## EXERCISE DATA
■ ■ ■ ■ ■ ■ ■
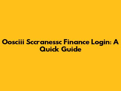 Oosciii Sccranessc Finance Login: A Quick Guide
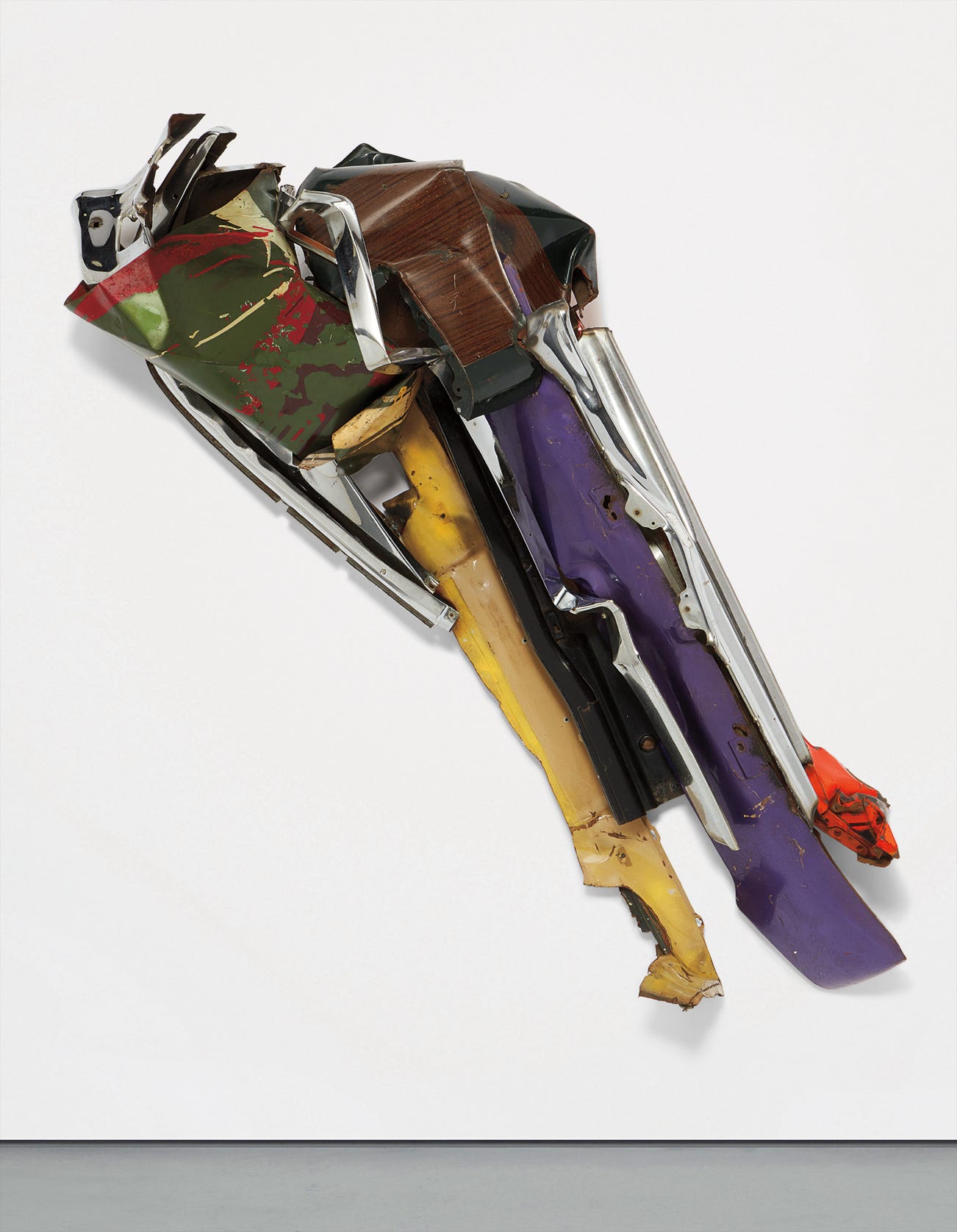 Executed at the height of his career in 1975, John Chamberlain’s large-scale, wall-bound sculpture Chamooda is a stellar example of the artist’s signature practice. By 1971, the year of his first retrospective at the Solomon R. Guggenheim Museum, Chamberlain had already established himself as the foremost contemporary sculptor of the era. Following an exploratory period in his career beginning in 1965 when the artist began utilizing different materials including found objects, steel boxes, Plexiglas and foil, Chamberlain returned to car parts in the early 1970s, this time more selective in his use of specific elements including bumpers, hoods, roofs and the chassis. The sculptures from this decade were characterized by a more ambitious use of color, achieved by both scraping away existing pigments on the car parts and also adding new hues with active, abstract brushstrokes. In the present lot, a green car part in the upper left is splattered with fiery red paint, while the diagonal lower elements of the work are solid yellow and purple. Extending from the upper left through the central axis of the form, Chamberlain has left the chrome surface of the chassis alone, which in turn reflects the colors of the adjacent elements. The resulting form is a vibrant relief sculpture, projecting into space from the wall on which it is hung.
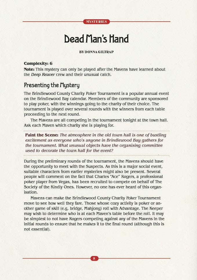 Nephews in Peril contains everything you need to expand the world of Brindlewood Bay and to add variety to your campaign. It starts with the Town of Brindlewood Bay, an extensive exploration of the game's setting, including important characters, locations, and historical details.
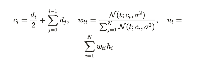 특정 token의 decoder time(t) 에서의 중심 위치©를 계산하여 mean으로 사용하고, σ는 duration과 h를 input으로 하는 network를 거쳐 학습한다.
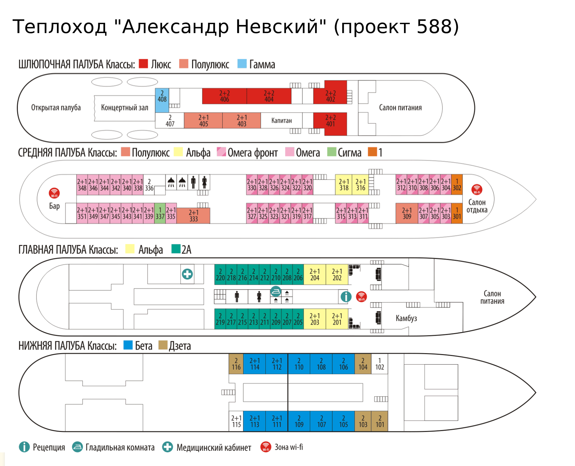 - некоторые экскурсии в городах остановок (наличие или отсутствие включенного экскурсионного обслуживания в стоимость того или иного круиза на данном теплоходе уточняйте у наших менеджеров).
■ ■ ■ ■ ■ ■ ■
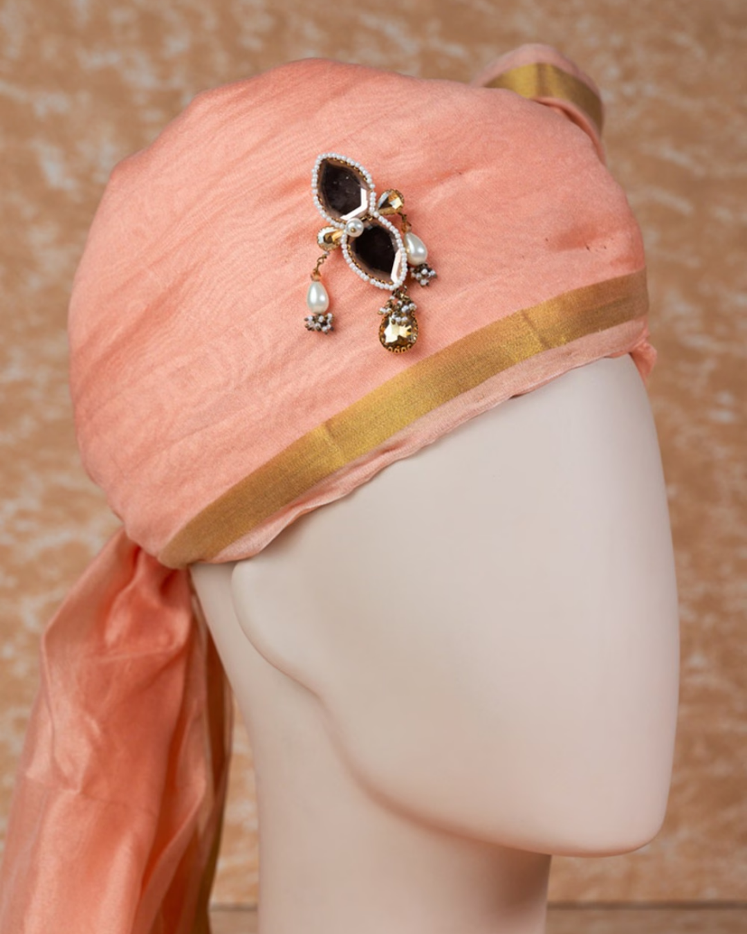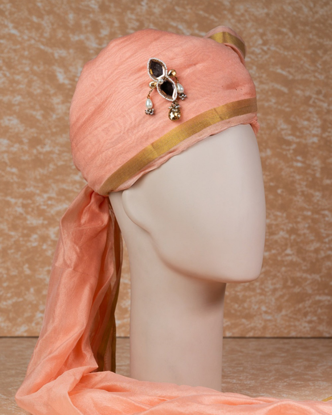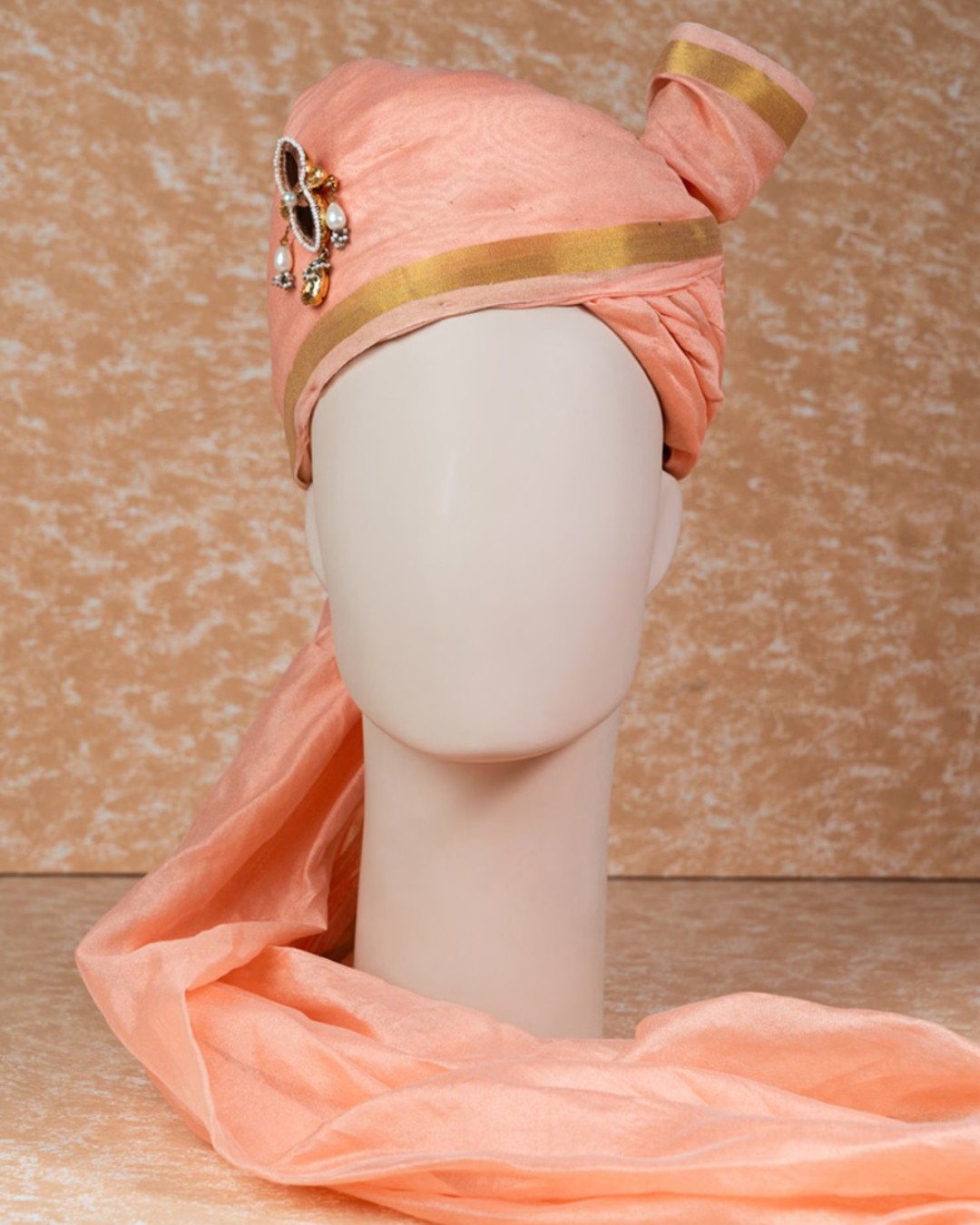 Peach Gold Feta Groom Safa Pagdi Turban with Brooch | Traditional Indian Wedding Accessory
■ ■ ■ ■ ■ ■ ■
## WHAT YOU HAVE TO DO
Above this task is a listing with pictures in it. Retype only the lines from the one containing "특정 token의 decoder" through the one containing "- некоторые экскурсии", both included, and not the pictures.

## REPLY TO THE TASK
 특정 token의 decoder time(t) 에서의 중심 위치©를 계산하여 mean으로 사용하고, σ는 duration과 h를 input으로 하는 network를 거쳐 학습한다.
 - некоторые экскурсии в городах остановок (наличие или отсутствие включенного экскурсионного обслуживания в стоимость того или иного круиза на данном теплоходе уточняйте у наших менеджеров).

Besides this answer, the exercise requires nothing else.